Could you write out every record below exactly, leaving out any pictures?

Start of SUPPLIED RECORDS

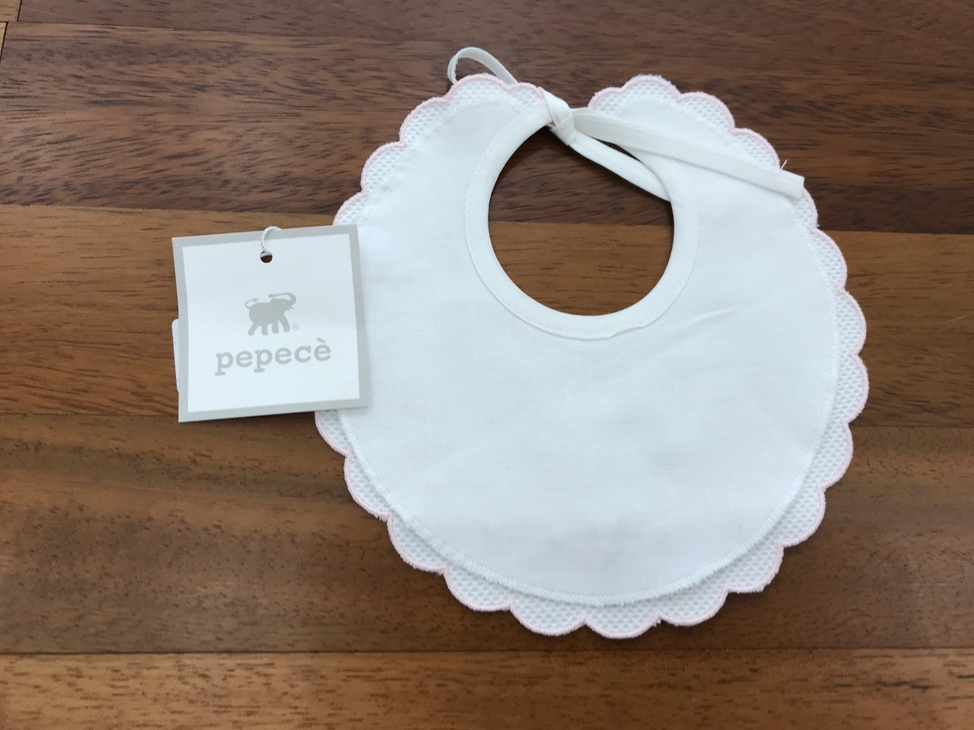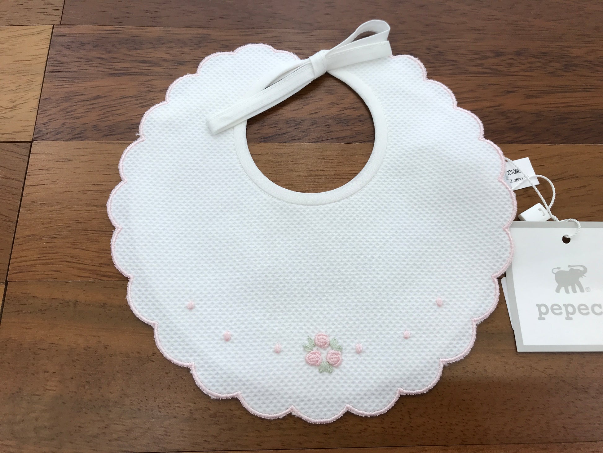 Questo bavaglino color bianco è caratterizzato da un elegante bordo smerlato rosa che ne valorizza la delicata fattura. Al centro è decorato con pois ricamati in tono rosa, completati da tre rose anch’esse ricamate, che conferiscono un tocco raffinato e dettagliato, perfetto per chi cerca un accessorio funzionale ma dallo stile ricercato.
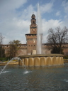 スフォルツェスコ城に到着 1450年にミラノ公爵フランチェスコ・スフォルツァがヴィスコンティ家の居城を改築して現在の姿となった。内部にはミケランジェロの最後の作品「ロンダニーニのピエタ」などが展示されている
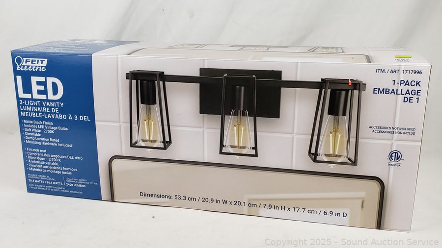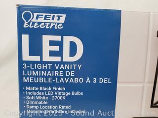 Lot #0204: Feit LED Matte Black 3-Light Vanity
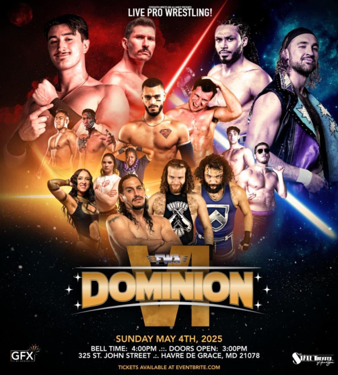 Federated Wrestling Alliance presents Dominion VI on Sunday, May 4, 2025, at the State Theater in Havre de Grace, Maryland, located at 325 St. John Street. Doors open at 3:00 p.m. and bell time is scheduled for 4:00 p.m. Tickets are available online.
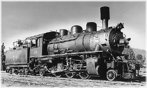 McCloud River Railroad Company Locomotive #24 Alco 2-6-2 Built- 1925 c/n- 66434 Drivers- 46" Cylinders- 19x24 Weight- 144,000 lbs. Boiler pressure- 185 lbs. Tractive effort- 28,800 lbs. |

End of SUPPLIED RECORDS

=== ANSWER FOR THE TASK ===
 Questo bavaglino color bianco è caratterizzato da un elegante bordo smerlato rosa che ne valorizza la delicata fattura. Al centro è decorato con pois ricamati in tono rosa, completati da tre rose anch’esse ricamate, che conferiscono un tocco raffinato e dettagliato, perfetto per chi cerca un accessorio funzionale ma dallo stile ricercato.
 スフォルツェスコ城に到着 1450年にミラノ公爵フランチェスコ・スフォルツァがヴィスコンティ家の居城を改築して現在の姿となった。内部にはミケランジェロの最後の作品「ロンダニーニのピエタ」などが展示されている
 Lot #0204: Feit LED Matte Black 3-Light Vanity
 Federated Wrestling Alliance presents Dominion VI on Sunday, May 4, 2025, at the State Theater in Havre de Grace, Maryland, located at 325 St. John Street. Doors open at 3:00 p.m. and bell time is scheduled for 4:00 p.m. Tickets are available online.
 McCloud River Railroad Company Locomotive #24 Alco 2-6-2 Built- 1925 c/n- 66434 Drivers- 46" Cylinders- 19x24 Weight- 144,000 lbs. Boiler pressure- 185 lbs. Tractive effort- 28,800 lbs. |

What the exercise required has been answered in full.